SXSW 2022 Film Review: Everything Everywhere All at Once

Michelle Yeoh’s Multiverse of Madness

Exploding intimate family drama into a multiverse-jumping, martial arts, sci-fi epic, Everything Everywhere All at Once is a blast of inventive genre fiction. Directors Daniel Kwan and Daniel Scheinert, collectively and affectionately known as just Daniels, follow up their feature debut of Swiss Army Man with lunatic glee, stretching the limits of visual and kinetic storytelling to its absolute breaking point. Steadied with the incredible - and very game - cast of Michelle Yeoh, Ke Huy Quan, Stephanie Hsu, and James Hong, Everything Everywhere All at Once is the most fun you’ll have at the movies this year. Minor spoilers ahead…

The multiverse: an infinite, sprawling corridor of countless possibilities, forever expanding the roads not taken and the choices that lie ahead.

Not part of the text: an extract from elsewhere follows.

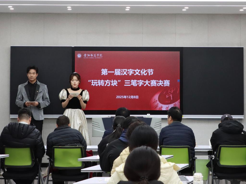 千年汉字,笔笔生辉;一脉文明,字字相传。12月8日上午,由安阳师范学院党委学工部主办、文学院承办的第一届汉字文化节“玩转方块”三笔字大赛决赛,在和鸣楼B610智慧教室顺利举办。教务处副处长张建雷,文学院现当代文学教师郭怀玉、古代文学教师王兆国,美术学院书法专业教师庞浩然、陈家毅担任本次比赛评委。文学院党委副书记汤伟、分团委副书记赵蒙蒙,以及辅导员赵金龙、李成佳出席本次活动。全体晋级决赛的学子同台竞技、共展笔墨才情。

In today’s climate, perhaps there’s a reason this sci-fi concept - with its roots in comic book history - has invaded the genre and blockbuster zeitgeist. Where the recent spate of superhero films (here’s looking at you, Spider-Man, Doctor Strange, and The Flash) are jostling the multiverse to pull on the heartstrings of nostalgia, unmooring past versions of heroes to tickle the “I recognize that!” parts of our pop-culture lizard brains, Daniel Kwan and Daniel Scheinert’s Everything Everywhere All at Once has something completely different on its mind. Pulling influence from everything from The Matrix to 2001: A Space Odyssey to Ratatouille, Daniels - as the duo are collectively known - has crafted a thoughtful family drama detonated into brain-melting, action sci-fi absurdity.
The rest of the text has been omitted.